* Provided data
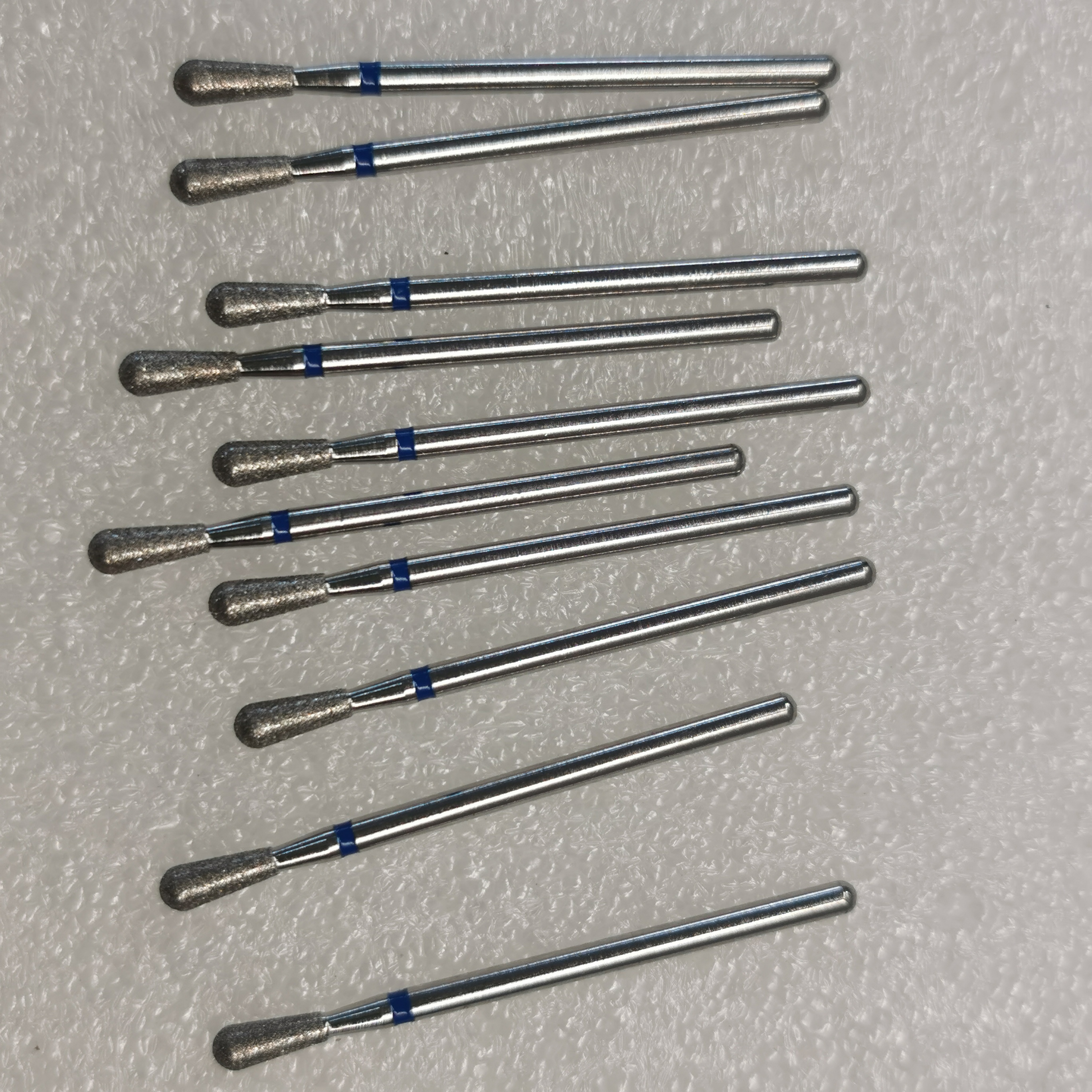 عادةً ما تكون قاعدة رؤوس الألماس مصنوعة من الفولاذ المقاوم للصدأ. وهي تؤدي وظيفة الدعم والتركيب، ويتم تخصيص شكلها وفقًا للمتطلبات، وتشمل بشكل عام الأشكال الأسطوانية والمخروطية والكروية والمنحنية. تتكون طبقة الربط بشكل أساسي من سبائك النيكل أو النيكل والكوبالت. يتم نموها عن طريق الترسيب الكهربائي، وتضمين وتثبيت جزيئات الألماس ميكانيكيًا. تتكون طبقة الكاشطة من جزيئات الألماس. يتم اختيار أحجام الجسيمات والتركيزات والدرجات المختلفة وفقًا لمتطلبات المعالجة.
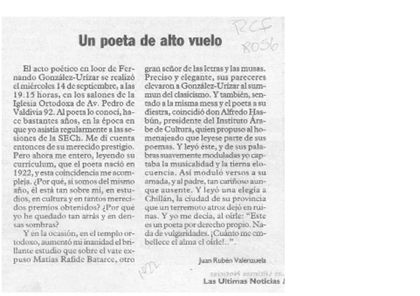 Un poeta de alto vuelo [artículo] Juan Rubén Valenzuela.
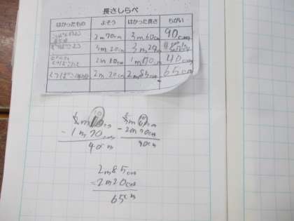 測った後は、予想と実際の長さのちがいを計算するなど、みんな一生懸命取り組んでいました。
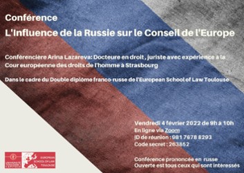 Dans le cadre du Double diplôme franco-russe de la European School of Law Toulouse, ce vendredi 4 février 2022 de 9h à 10h se teindra la conférence L'influence de la Russie sur le Conseil de l’Europe prononcée par la docteure en droit Arina Lazareva.
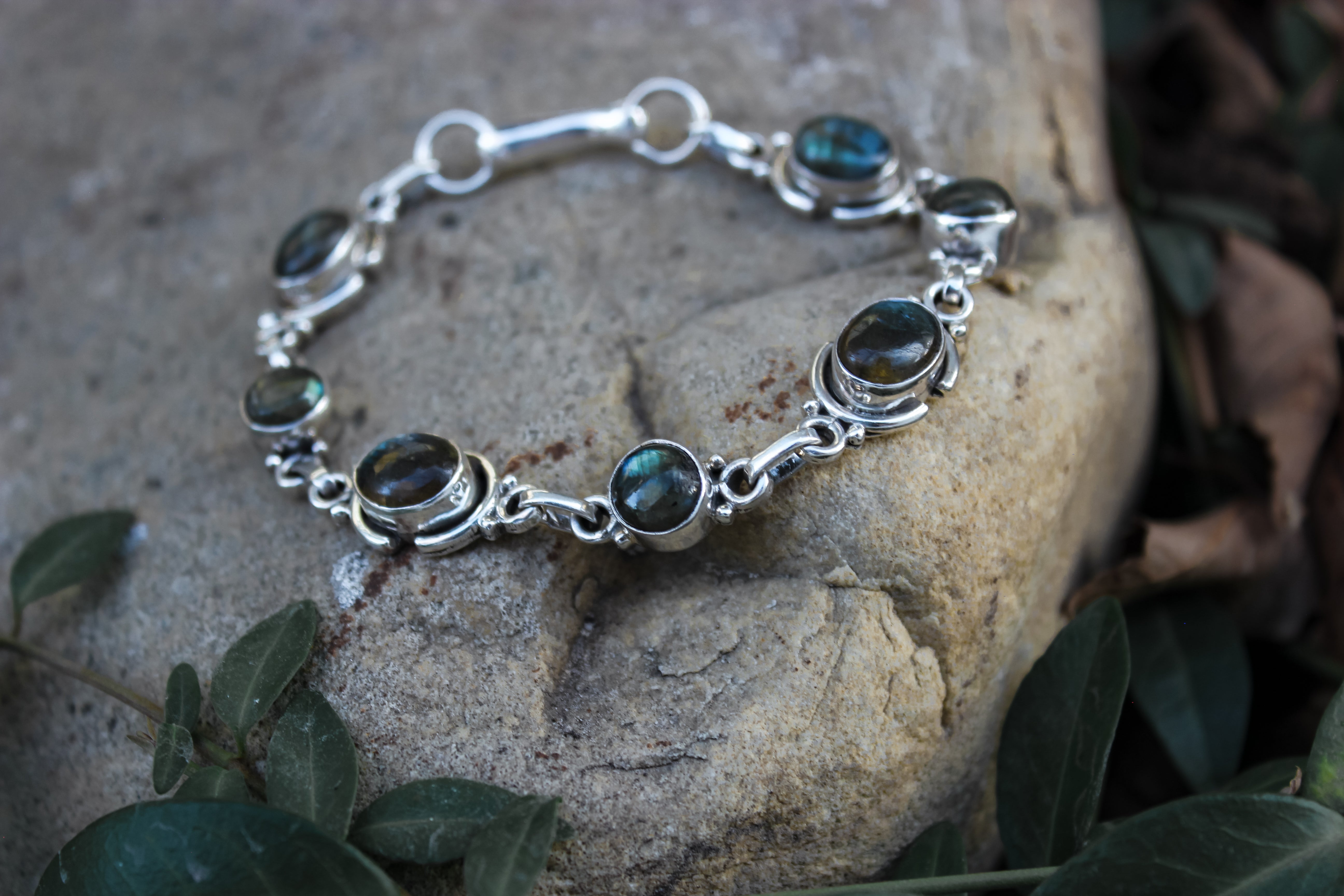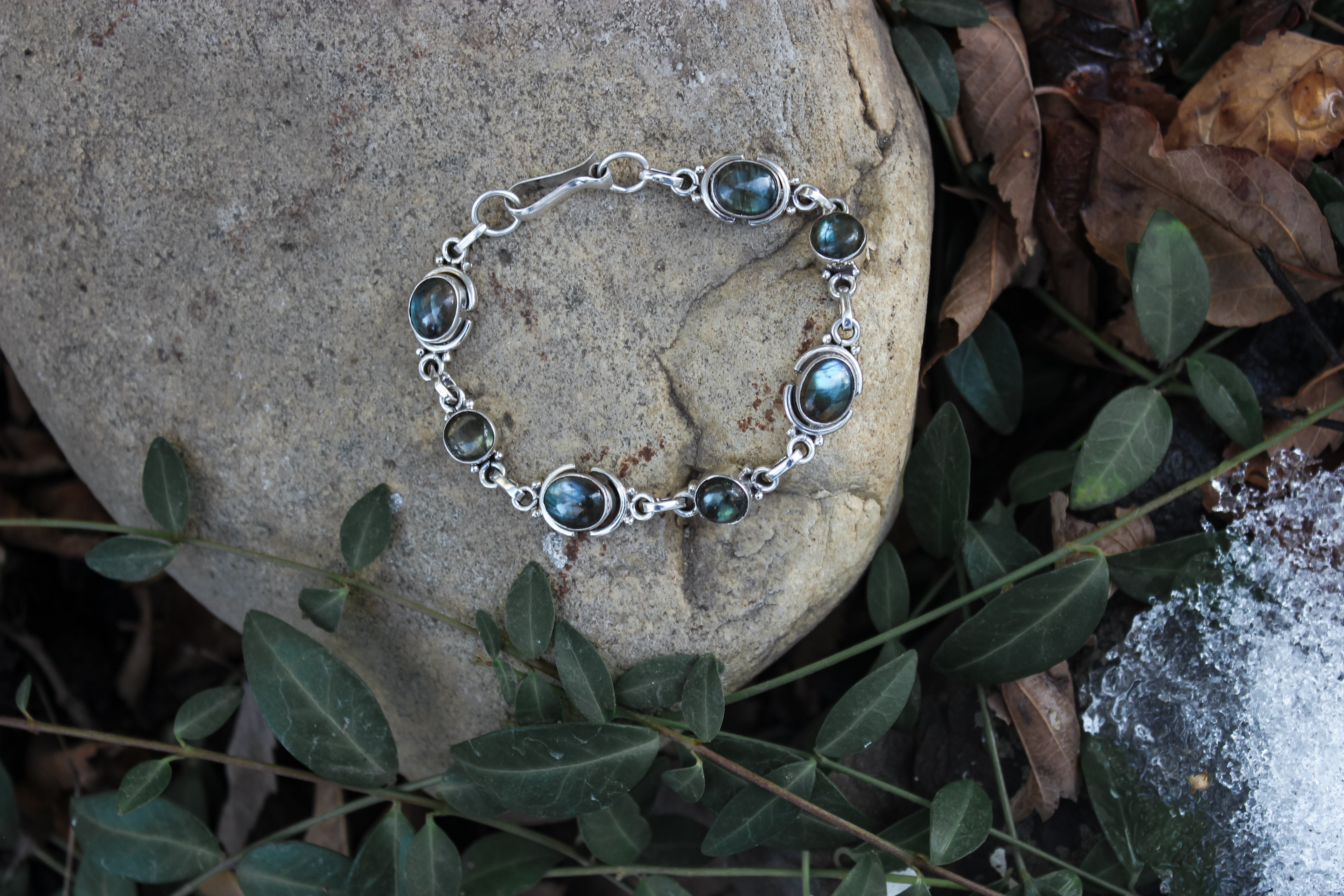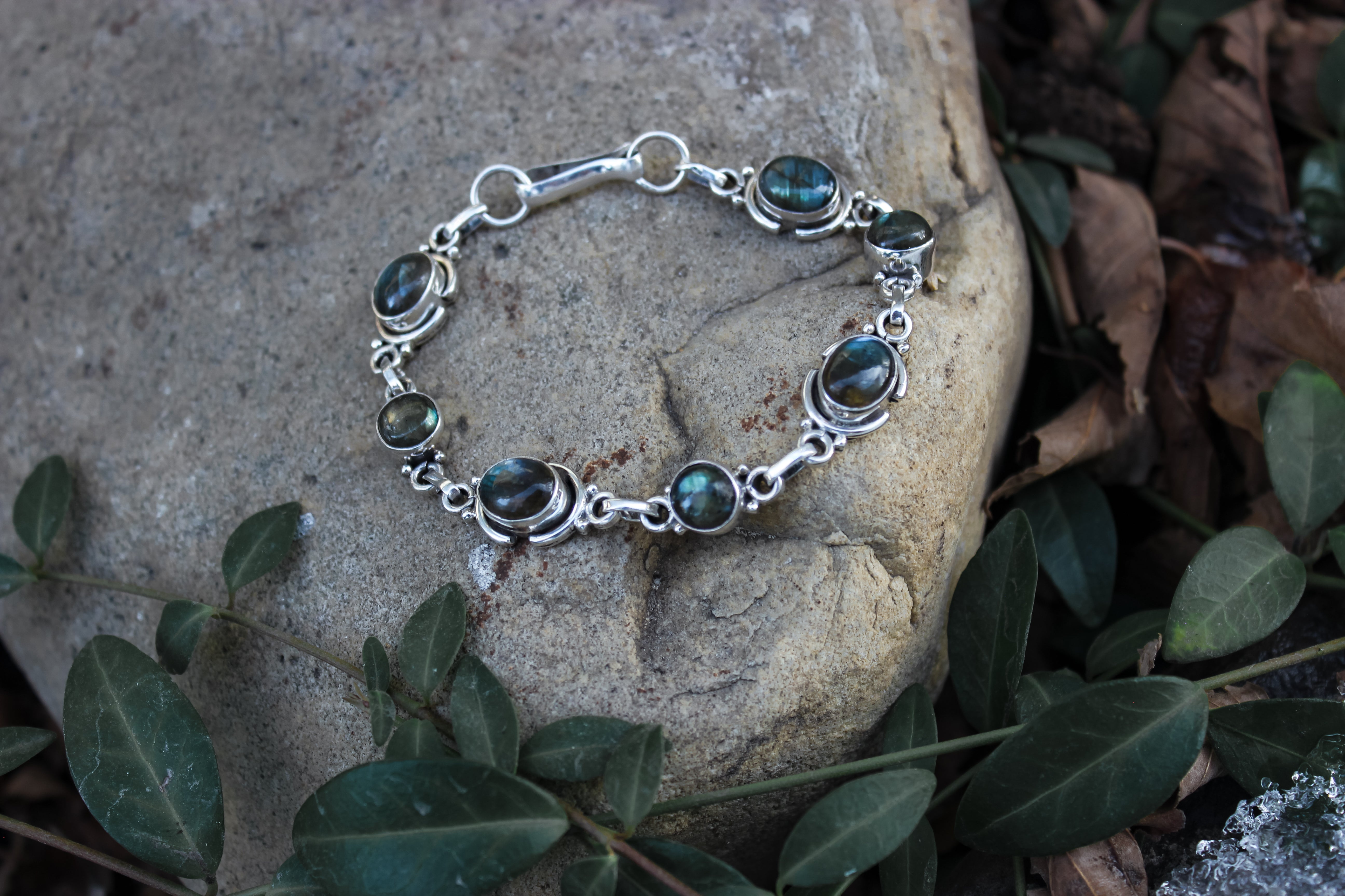 The labradorite in this bracelet harnesses the power of the auroras, flashing green, blue and gold with every turn. Selene is the goddess of the moon, and she felt fitting for a night sky inspired bracelet such as this. The beauty of the darkness with just a kiss of light.

* Your objective
Write the lines from the one containing "Dans le cadre" through the end of the data above exactly as they appear, and do not carry over any picture.

* Answer to the exercise
 Dans le cadre du Double diplôme franco-russe de la European School of Law Toulouse, ce vendredi 4 février 2022 de 9h à 10h se teindra la conférence L'influence de la Russie sur le Conseil de l’Europe prononcée par la docteure en droit Arina Lazareva.
 The labradorite in this bracelet harnesses the power of the auroras, flashing green, blue and gold with every turn. Selene is the goddess of the moon, and she felt fitting for a night sky inspired bracelet such as this. The beauty of the darkness with just a kiss of light.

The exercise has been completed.